Sus lectores lo transitamos con ella a través de las páginas de “Antes de ser silencio” (Sílaba, 2024) y comprendemos que, pese a la búsqueda de nombrar tantas cosas, no siempre se puede abrazar el lenguaje ni decir las palabras necesarias, y siempre “falta tinta para hablar de la muerte”.
¿Cómo nacieron los cuatro capítulos del libro? (tanto sus nombres como los poemas que incluyó en cada uno). ¿Siempre pensó cada poema bajo cada concepto (el inicio, el puente, el salto...) o eso vino en una organización posterior?
“Antes de ser silencio” surge de la necesidad de nombrar muchas cosas; hay en él unos deseos inmensos de ponerle palabras a lo indefinible. Es mi primer libro y en él hay muchas cosas de mi adolescencia. Cuando el libro ganó el Premio Nacional de Poesía Tomás Vargas Osorio yo ya venía escribiendo hacía mucho tiempo y en un punto sentí que había una especie de redondez en lo que quería decir. Inicialmente, tenía la idea de escribir sobre una especie de viaje. De hecho, el título original no era “Antes de ser silencio”, sino algo relacionado con viajar o emprender tránsitos hacia algún lugar. Después me di cuenta de que ese lugar era yo misma. Los capítulos del libro simulan ese tránsito, ese adentrarse en un bosque, ese buscar el silencio de alguna manera. En cada capítulo hay un poema que marcó el ritmo y la atmósfera. Los demás poemas los fui acomodando para alimentar esa idea central de cada capítulo. No fue algo premeditado; surgió de manera muy espontánea. Tenía muchos poemas y los fui acomodando como una ajedrecista en cada capítulo según la atmósfera que me evocaba.
Cuéntenos sobre su concepción del tiempo, que en los poemas se representa en “las horas de la noche”, “las venas de los siglos”, “los tiempos remotos como la sal”…
Siempre he tenido una extraña fascinación por el tiempo. Me inquieta, me angustia. De hecho, el primer poema que escribí —o bueno, la primera vez que escribí algo que yo creía que era un poema— fue sobre eso. Tenía trece años y lo recuerdo con toda claridad; siempre tengo muy presente ese momento. Esa inquietud nunca se ha ido. La pregunta por el tiempo siempre ha sido muy persistente. Si tuviera una concepción clara sobre el tiempo, creo que dejaría de nombrarlo en mis poemas. A veces pienso que es algo invisible que nos acerca o aleja de las cosas que amamos o nos duele. Quizás su función no sea otra que la de medir las distancias y tal vez por eso desde niña siempre anoto con toda precisión el día, la fecha y, a veces, hasta la hora. Tal vez lo que busco es entender las distancias… no sé.
También hay un trabajo muy bello alrededor de la memoria. ¿Cómo la aborda en su escritura?

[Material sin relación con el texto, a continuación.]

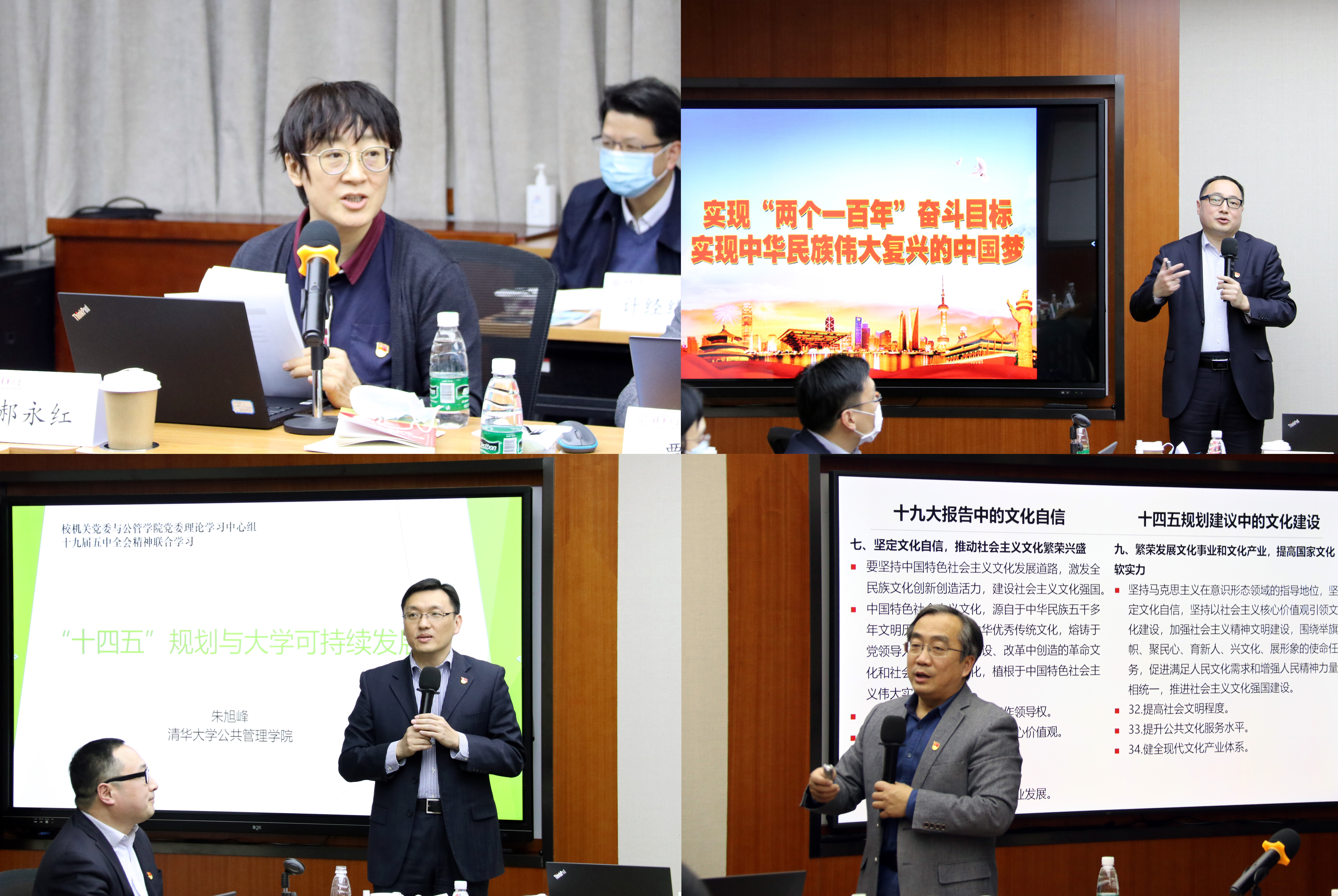 随后,校机关党委委员、财务处处长郝永红,公管学院党委委员程文浩,公管学院党委委员、副院长朱旭峰,校机关党委委员、宣传部常务副部长、新闻中心主任覃川分别围绕“‘十四五’规划与大学资源配置”“‘十四五’规划与大学治理中的监察工作”“‘十四五’规划与大学可持续发展”“‘十四五’规划与大学文化建设”等主题进行了发言。
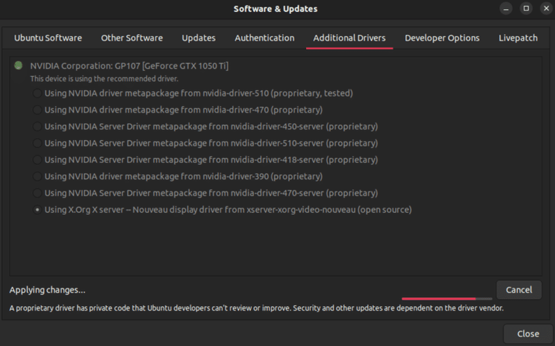 After a successful login, the Software & Updates app will transition to the Nouveau open-source drivers. It’ll take a while to finish.
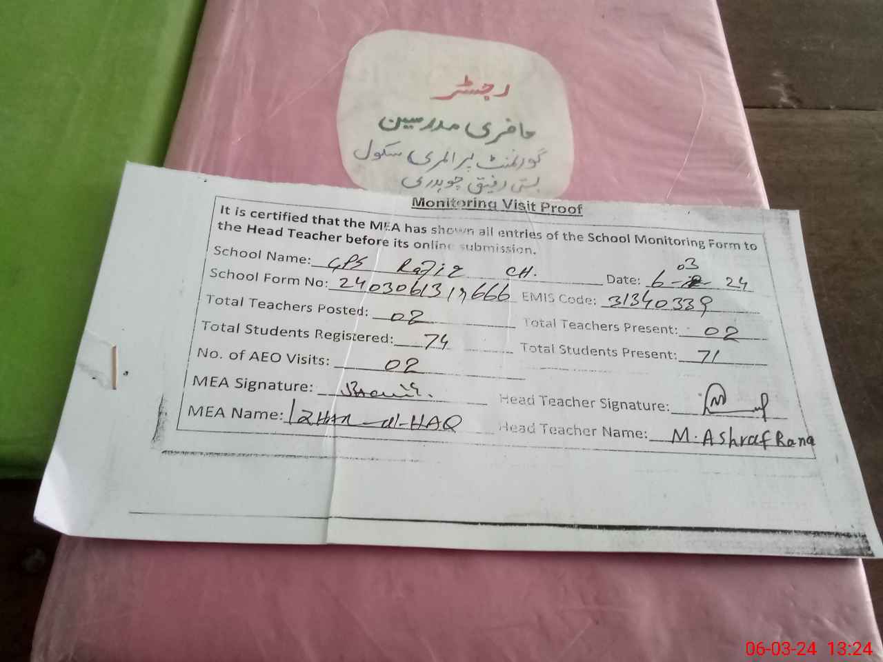| EMIS Code: 31340339 | Name of School: GPS BASTI RAFIQ CH. PO CHAK NO 24 | |||

Creo que la memoria está muy conectada con esa pregunta por el tiempo. Y es que la poesía es siempre una pregunta, nunca una respuesta. Ese interés por contener palabras es siempre un ejercicio de memoria, una lucha contra las distancias.
Usted habla de “la palabra y su oscura batalla hacia la luz”. ¿Cómo la trabaja desde la poesía?
La poesía es para mí una especie de laberinto en el que a veces entra un rayito de luz, que son las palabras que caben en ese laberinto. Ese chispazo viene de un momento a otro; a veces ilumina por grandes espacios de tiempo, pero también se ausenta por semanas. Por eso hablo de “la palabra y su oscura batalla hacia la luz”, porque escribir implica transitar ese laberinto con un puñado de palabras.
Establece además una precisa diferencia entre la palabra escrita y la palabra hablada; ¿de qué manera las vincula?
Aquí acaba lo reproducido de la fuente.